According to the latest data released by Statistics South Africa today, the annual headline consumer price inflation increased from 4.4 percent in April 2019 to 4.5 percent in May 2019, while the core CPI remained unchanged at 4.1 percent in May 2019. On a month-on-month basis, the headline CPI was 0.3 percent in May 2019.

“This is discouraging for over-indebted consumers who are clearly struggling to cope, as reflected by the dip in final consumption expenditure in Q1 2019, decreasing by 0.8%,” Dr Ade said.

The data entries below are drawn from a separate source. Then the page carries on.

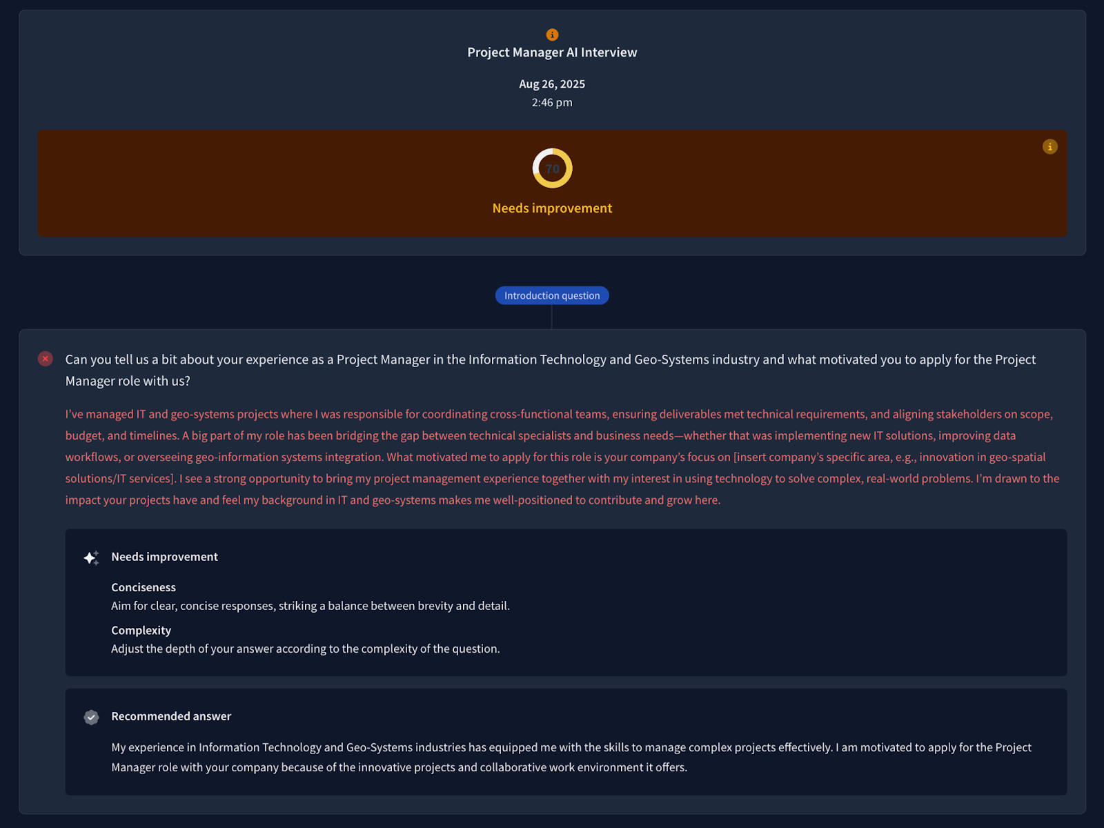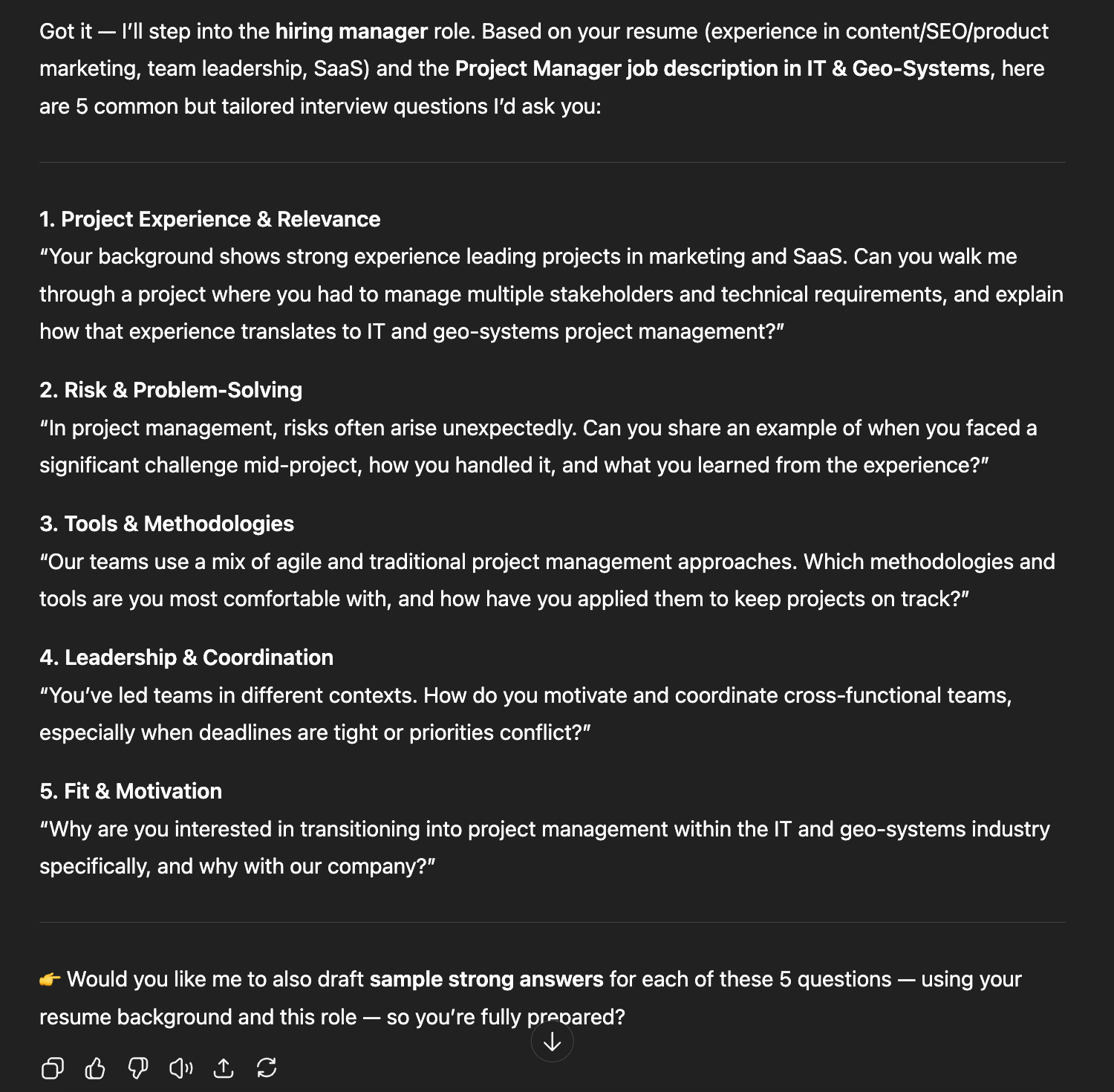 Then, respond to each question and ask ChatGPT to provide feedback on clarity, relevance, and how well your answers match the role’s requirements.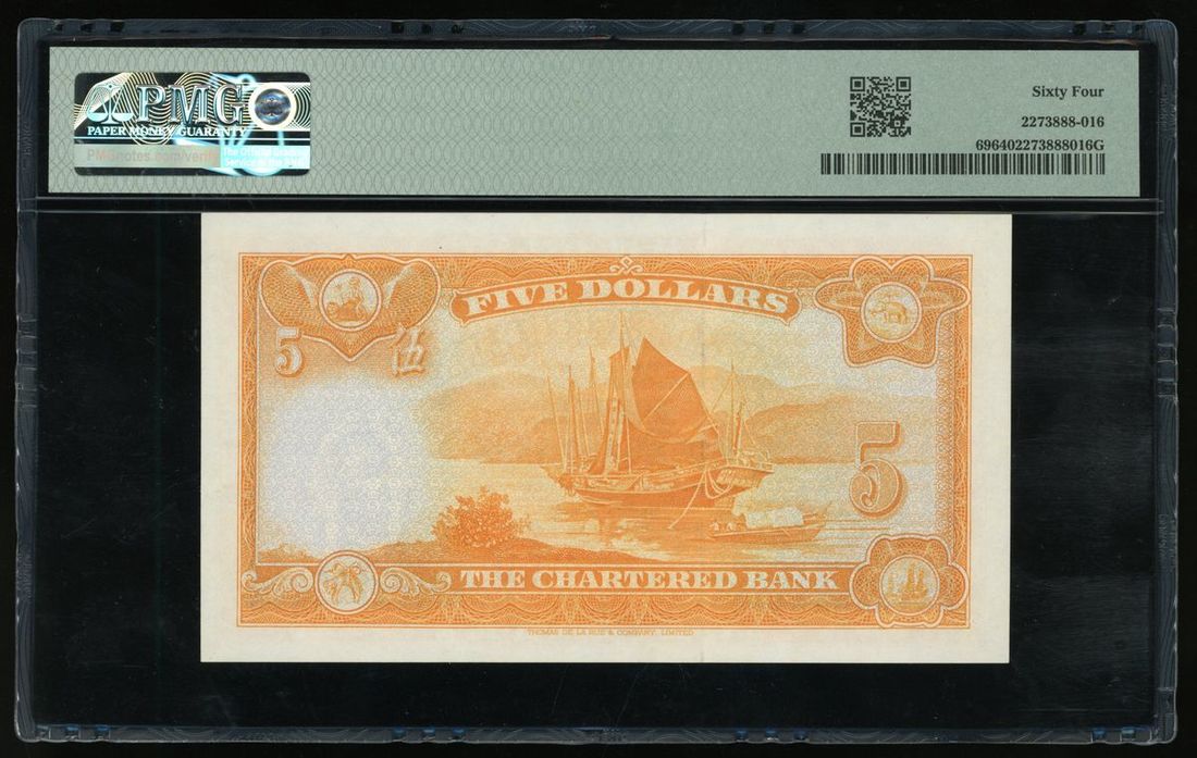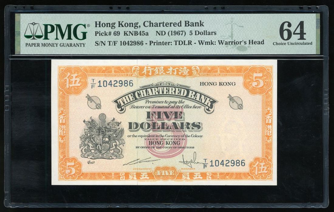 The Chartered Bank, Hong Kong, $5, ND (1967), serial number TF1042986, (Pick 69), PMG 64 Choice Uncirculated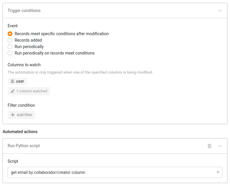 Some days ago, one of our users asked me if it is possible to get the email address from a creator/collaborator or last modifier column. He wanted to send emails to these users via automation, but these columns are not yet supported in email sending via automations.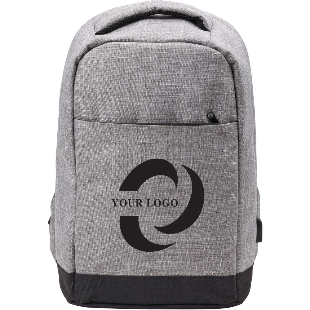 Hátizsák lopás elleni védelemmel, laptoptartóval, sok belső zsebbel, külső cipzáros zsebbel és az oldalán USB csatlakozással. 600D poliészter és PVC hátoldal. 13 -es laptop fér bele.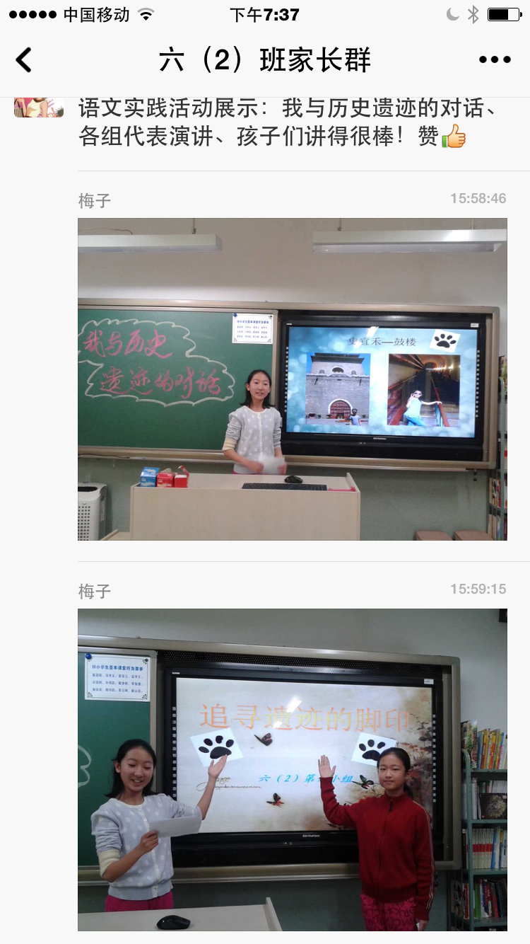 语文实践活动,首先要“动”起来,还得姓“语”,即:必须紧紧围绕语文课程目标和内容的核心----语言文字应用的活动。同学们采取多种学习方式:实地观察与调查记录相结合,查阅资料和收集整理相结合,书面表达和口语交际相结合,先个人后集体相结合等等,把语文学习落实在具体的实践活动中,在活动中学会学习,激发情感。同学们完成了了图文并茂的手抄报,制作了丰富形象的ppt,以小组为单位展示考察结果。发言的同学落落大方,慷慨陈词,课堂气氛活跃,互动不断。师生还改进了评价标准,侧重过程的参与,为表现出色的小组发了奖呢!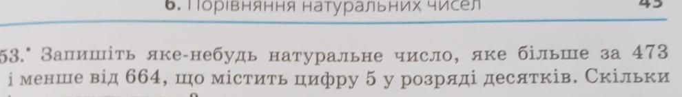 Запишіть яке-небудь натуральне число,яке більше за 473 і менше від 664,що містить цифру 5 у розряді десятків. Скільки існує таких чисел?
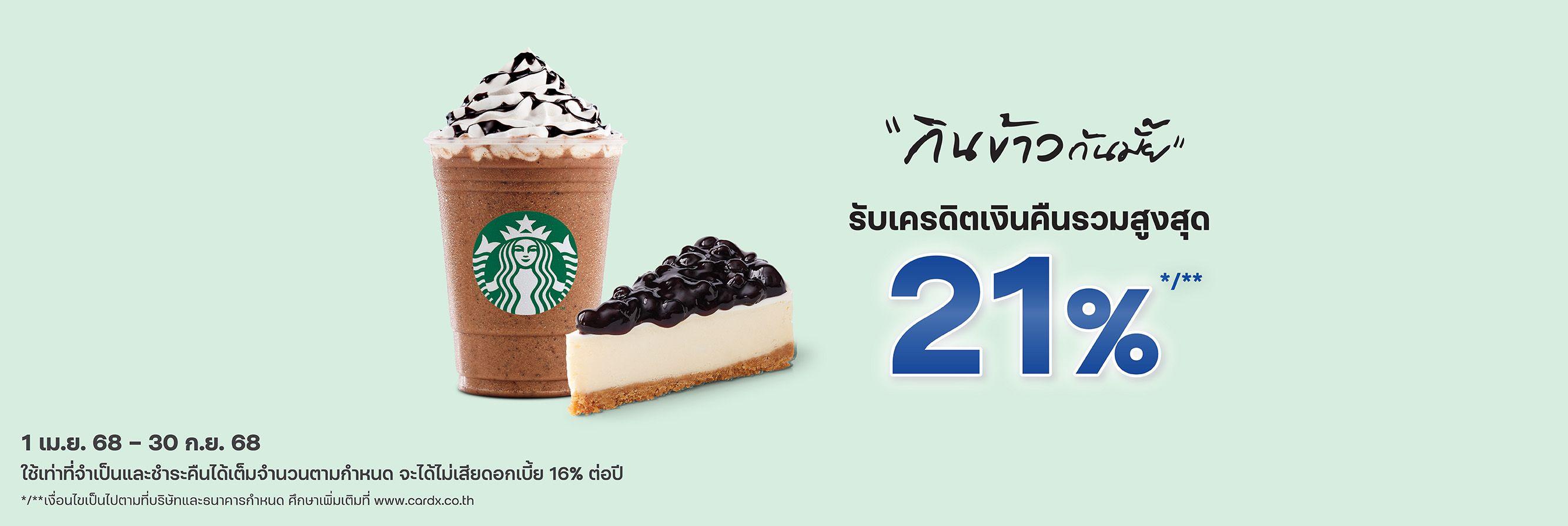 Get more from your Starbucks visits with an exclusive credit card promotion from CardX and SCB. From April 4 to Sept. 30, 2025, CardX and SCB credit cardholders can earn up to 21% cash back when making purchases at any Starbucks location in Thailand or through the Starbucks Mobile Application.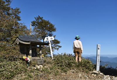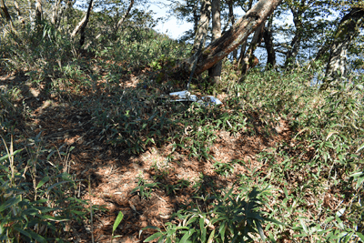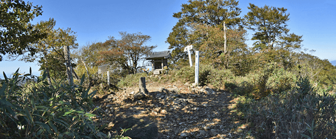 | (天気) | 快晴。上空に雲は無く、澄んだ青空が広がっていた。山頂の気温は16℃。少し風があり、爽やかな風だった。視界は澄んでいた。おごしき山の山頂は18℃。快晴はずっと続いて、下山を終えても少し雲を見る程度だった。 | ||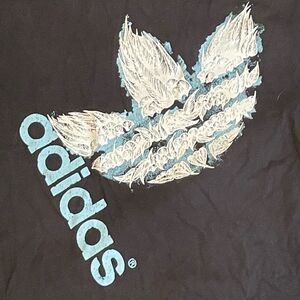 Adidas Trefoil Logo Graphic Tee Black White Blue Short Sleeve Crewneck Sample XL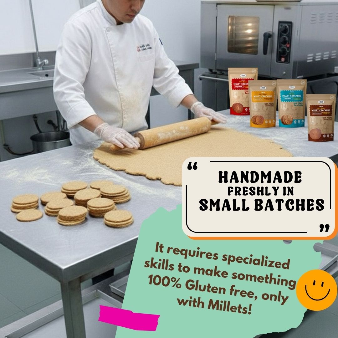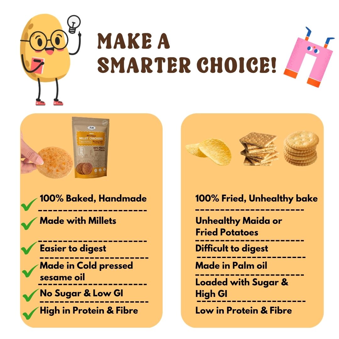 - 100% Whole Grains: Experience the nutritional benefits of our crackers made from 100% Millets, carefully selected to provide a superfood snack for your everyday healthy binge, packed with fibre, protein, and essential minerals.

He added that given the low-growth context, the general increase in the prices of goods and services does not augur well for embattled domestic consumers and the South African households in general as higher CPI numbers increase the nominal prices of goods and services, also impacting negatively on over-indebted consumers’ household budgets and reducing the ability to service existing debts or to make extra payments.

Dr Ade said companies in the broader manufacturing sector, including its heterogenous metals and engineering sector, will also not benefit from higher inflation due to a possible decrease in the demand for intermediate and final manufactured goods.

“However, we sound a caveat against reading too much into the current data, which does not constitute a trend, given its high level of volatility. This is because changes in factors affecting supply, including high-frequency data, may also negatively impact on the CPI numbers as businesses pass on cost increases into the market,” Dr Ade concluded.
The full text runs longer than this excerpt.